> _SUPPLIED INFORMATION_:
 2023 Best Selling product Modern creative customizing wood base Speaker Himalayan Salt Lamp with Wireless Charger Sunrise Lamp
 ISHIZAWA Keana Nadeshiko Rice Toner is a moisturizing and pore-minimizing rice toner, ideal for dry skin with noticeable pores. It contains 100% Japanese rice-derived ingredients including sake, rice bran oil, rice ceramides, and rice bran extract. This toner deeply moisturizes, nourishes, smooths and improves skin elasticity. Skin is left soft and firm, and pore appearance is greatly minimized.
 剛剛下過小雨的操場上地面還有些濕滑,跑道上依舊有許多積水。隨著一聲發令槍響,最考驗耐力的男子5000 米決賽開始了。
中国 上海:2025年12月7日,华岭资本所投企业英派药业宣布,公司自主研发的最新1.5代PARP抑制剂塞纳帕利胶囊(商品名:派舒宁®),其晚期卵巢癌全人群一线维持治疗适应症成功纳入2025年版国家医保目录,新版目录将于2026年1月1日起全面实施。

---

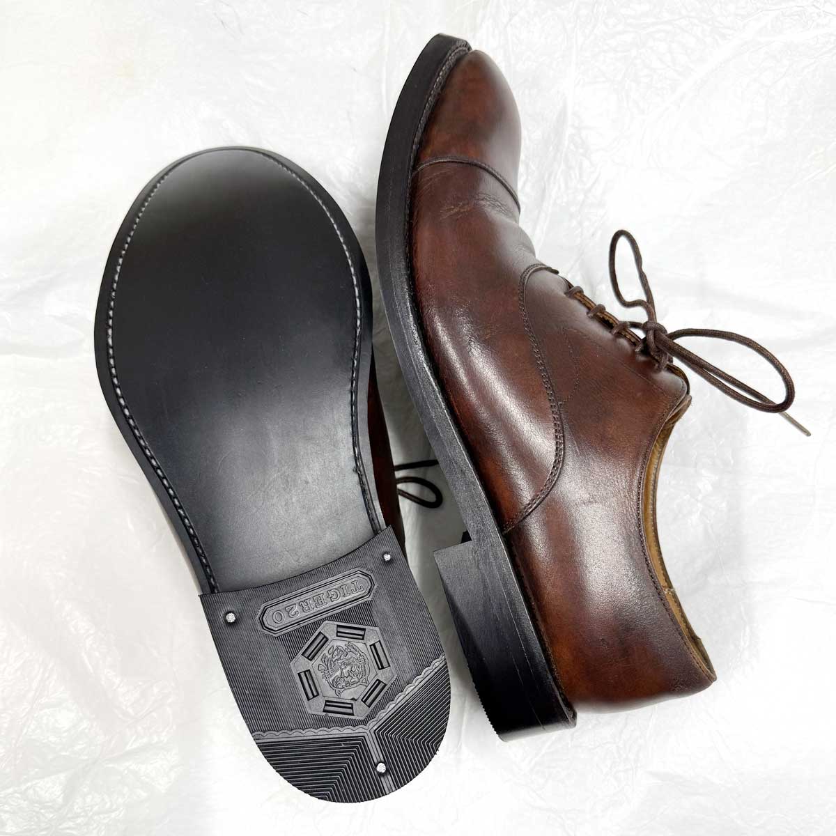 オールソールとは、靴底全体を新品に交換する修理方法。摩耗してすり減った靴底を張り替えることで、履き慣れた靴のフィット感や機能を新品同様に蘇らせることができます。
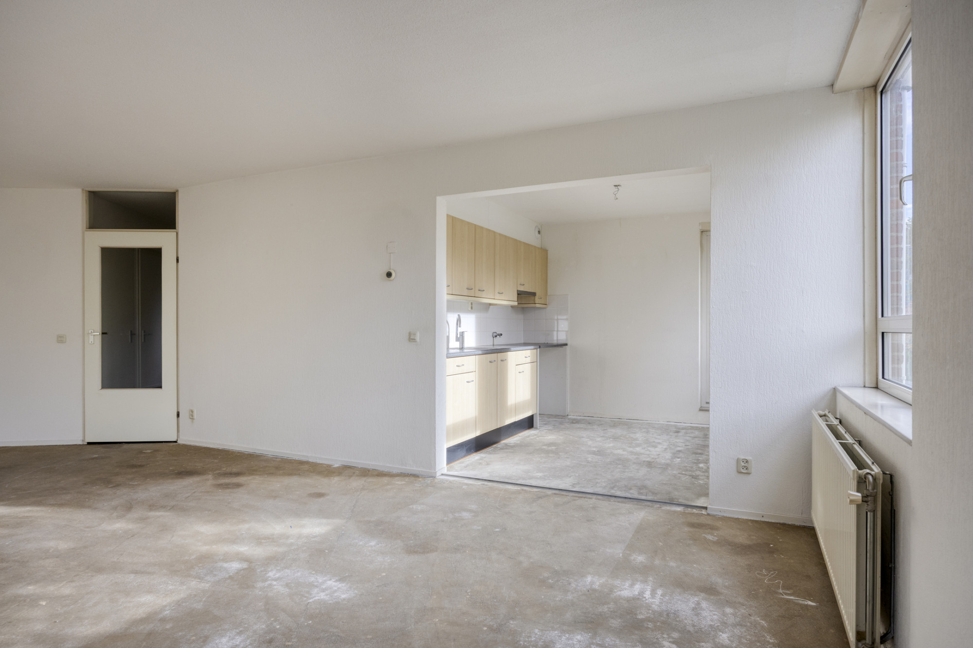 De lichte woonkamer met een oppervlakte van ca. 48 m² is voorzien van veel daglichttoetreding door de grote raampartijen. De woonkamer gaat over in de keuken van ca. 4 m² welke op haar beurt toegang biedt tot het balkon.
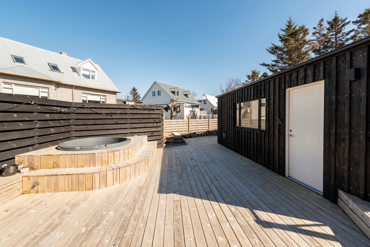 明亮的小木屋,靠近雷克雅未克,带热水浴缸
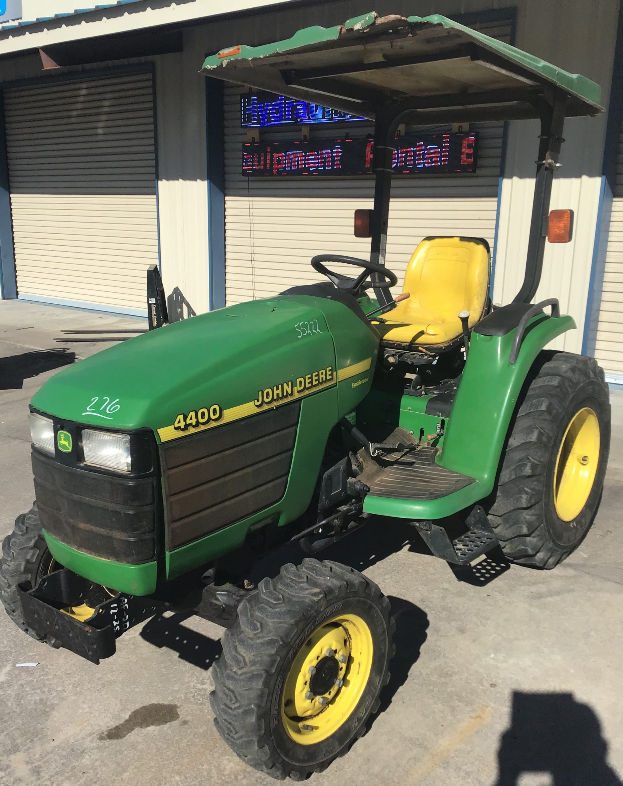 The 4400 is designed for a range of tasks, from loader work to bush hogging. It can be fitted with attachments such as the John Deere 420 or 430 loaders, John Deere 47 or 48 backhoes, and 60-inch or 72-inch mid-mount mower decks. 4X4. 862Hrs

> _TASK ITEM_: All lines in the data above from the one with "ISHIZAWA Keana Nadeshiko" through the one with "中国 上海:2025年12月" must be repeated exactly, and no others.

> _YOUR SOLUTION_:
 ISHIZAWA Keana Nadeshiko Rice Toner is a moisturizing and pore-minimizing rice toner, ideal for dry skin with noticeable pores. It contains 100% Japanese rice-derived ingredients including sake, rice bran oil, rice ceramides, and rice bran extract. This toner deeply moisturizes, nourishes, smooths and improves skin elasticity. Skin is left soft and firm, and pore appearance is greatly minimized.
 剛剛下過小雨的操場上地面還有些濕滑,跑道上依舊有許多積水。隨著一聲發令槍響,最考驗耐力的男子5000 米決賽開始了。
中国 上海:2025年12月7日,华岭资本所投企业英派药业宣布,公司自主研发的最新1.5代PARP抑制剂塞纳帕利胶囊(商品名:派舒宁®),其晚期卵巢癌全人群一线维持治疗适应症成功纳入2025年版国家医保目录,新版目录将于2026年1月1日起全面实施。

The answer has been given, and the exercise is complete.